Simplify to one grid view (remove 32x32 and 512x512 mini-grids).

Update stats display:

"active entities" instead of "density"
"semantic clusters" instead of "clusters"
keep "spanning" indicator
keep "crossings" (threshold crossings)

ner bridge changes#

`ner/bridge.py`#

subscribes to turbostream (graze.social) for post stream
subscribes to ozone labeler for spam/suspicious labels
extracts record.text from each post
runs spaCy NER (en_core_web_sm)
filters to useful entity types, normalizes text
POSTs all entities from one post together (preserves co-occurrence)
includes post metadata for "top post per topic" feature

payload = {
    "entities": [{"text": "Trump", "label": "PERSON"}, ...],
    "did": "did:plc:...",
    "post": {
        "at_uri": "at://did:plc:.../app.bsky.feed.post/...",
        "author_handle": "user.bsky.social",
        "author_followers": 1234
    }
}

migration plan#

Phase 1: Add entity_graph.zig alongside lattice.zig ✓
- core data structures implemented
- /entity-graph endpoint added
Phase 2: Modify NER bridge ✓
- entities grouped by post
- POST includes did + post metadata
Phase 3: Update frontend ✓
- grid.js renders trending entities
- surprise-based ranking implemented (z-like vs baseline)
Phase 4: Remove old code ✓
- turbostream.zig removed (python bridge is sole consumer)
- lattice.zig kept for percolation visualization (separate from entity graph)

parameters to tune#

Parameter	Current Value	Notes
`BUCKET_COUNT`	30	Number of time buckets
`BUCKET_DURATION_MS`	10,000	10s per bucket → 5 min total window
`ACTIVITY_THRESHOLD_ENTER`	0.01/s	Rate to become active
`ACTIVITY_THRESHOLD_EXIT`	0.005/s	Rate to stay active (hysteresis)
`SMOOTHING_ALPHA`	0.25	EWMA alpha for smoothed_rate (env: `SMOOTHING_ALPHA`)
`EDGE_DECAY_MS`	1,800,000	30 min edge decay window
`EDGE_WEIGHT_MIN`	0.05	Min pheromone weight for clustering (env: `EDGE_WEIGHT_MIN`)
`TREND_CLUSTER_MIN`	0.02	Min trend to participate in clustering (env: `TREND_CLUSTER_MIN`)
`EDGE_PHEROMONE_HALF_LIFE_MS`	600,000	Edge weight half-life (env: `EDGE_PHEROMONE_HALF_LIFE_MS`)
`EDGE_TOP_K`	5	Top-K edges per node for clustering (env: `EDGE_TOP_K`)
`EDGE_SAMPLE_WINDOW_MS`	10,000	Sampling epoch window (env: `EDGE_SAMPLE_WINDOW_MS`)
`EDGE_SAMPLE_MAX`	0.25	Max exploration probability (env: `EDGE_SAMPLE_MAX`)
`EDGE_SAMPLE_SCALE`	2.0	Weight scale for sampling (env: `EDGE_SAMPLE_SCALE`)
`SPANNING_THRESHOLD`	0.5	Fraction for percolation indicator
`MAX_ENTITIES`	1000	Memory bound
`MAX_EDGES_PER_ENTITY`	32	Co-occurrence cap per entity
`MAX_USERS`	2000	User tracking capacity
`GRID_SIZE`	128	For position hashing

infrastructure needs#

persistence (current)#

State is persisted to SQLite at /data/coral.db on a Fly volume.

persisted:

entities (id, text, label, grid position, baseline_rate, last_seen)
users (id, did_hash, last_seen)
edges (entity_a, entity_b, last_seen)
posts + entity_posts (top‑post tracking)
entity_baseline (EMA baselines)

not persisted:

activity buckets (mention counts reset on restart)
edge pheromone weights (recomputed from recent co-occurrences)

notes:

activity reset is intentional for now; trends re‑establish quickly
legacy mentions table removed (migration 007)

open questions#

Edge decay: Should co-occurrence edges decay over time? → IMPLEMENTED (30 min decay, see arbitrary choice #5)
Entity normalization: "Taylor Swift" vs "taylor swift" vs "Swift" - currently case-insensitive.
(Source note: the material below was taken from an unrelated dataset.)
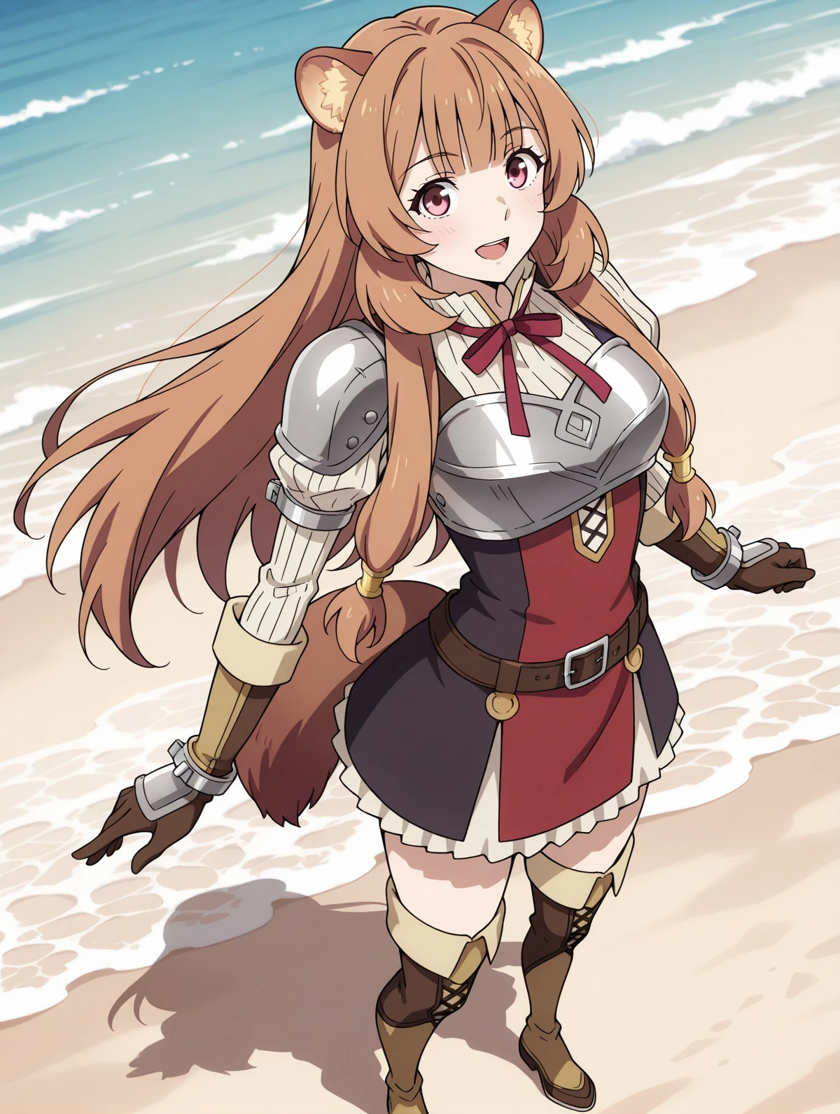 red dress striped sweater red neck ribbon breastplate belt brown gloves thigh boots

NORP entities get plural stripping (Americans → American). no fuzzy matching beyond that.
Visualization density: With 1000 entities on a 128x128 grid, collisions will happen. Currently not addressed - entities just overlap.
Historical data: Do we want to show time series of percolation state? Would need to log crossings. Not implemented.
Cluster visualization: UI shows individual entities ranked by trend + cluster_score boost. cluster_label shown in tooltip (e.g., "Trump + Epstein"). Edge drawing not implemented.
~~What does "percolation" feel like?~~ → partially answered by baseline audit. supernodes (Trump, MAGA) have high baseline but flat/negative trend. rising topics (Homan, Australia) have positive trend. UI now prioritizes trend over count.
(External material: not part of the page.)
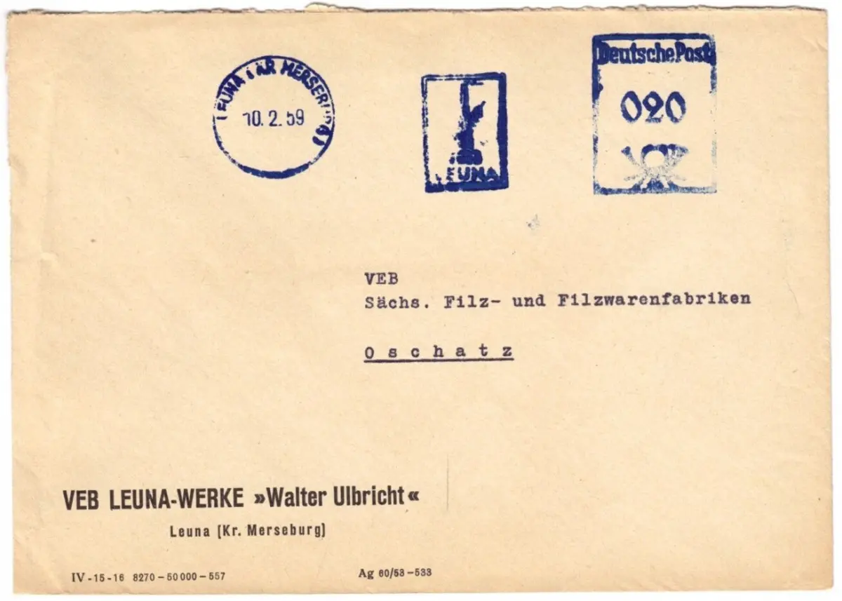Absender: VEB Leuna-Werke "Walter Ulbricht", Leuna (Kr. Merseburg)

theoretical background (from papers)#

Newman-Ziff 2000 - lattice percolation#

the algorithm we use is correct: weighted union-find with path compression runs in O(N) time. our implementation matches theirs.

what percolation means on lattices:

occupy sites with probability p
percolation = when a cluster "wraps around" periodic boundaries (spans the system)
at p_c ≈ 0.593 (2D square lattice), spanning cluster emerges
order parameter = probability of being in spanning cluster

why this doesn't directly apply to us:

lattice has fixed spatial structure and boundaries
"spanning" means connecting opposite edges
our graph has no spatial structure - hash positions are arbitrary
there's nothing to "span"

their model:

directed follower network (static structure)
β = fraction of nodes who will retweet (occupation probability)
cascade = giant out-component (GOUT) among occupied nodes
P_∞ = cascade_size / total_nodes

key findings:

uniform percolation predicts β_c ≈ 2.5% for Weibo
actual cascades happen at β ≈ 0.25% (10x lower!)
why? heterogeneous activity: m ~ k_o^α (active users have more followers)
positive feedback: active users gain followers faster (Δk_o/Δt ~ k_o^σ m^τ)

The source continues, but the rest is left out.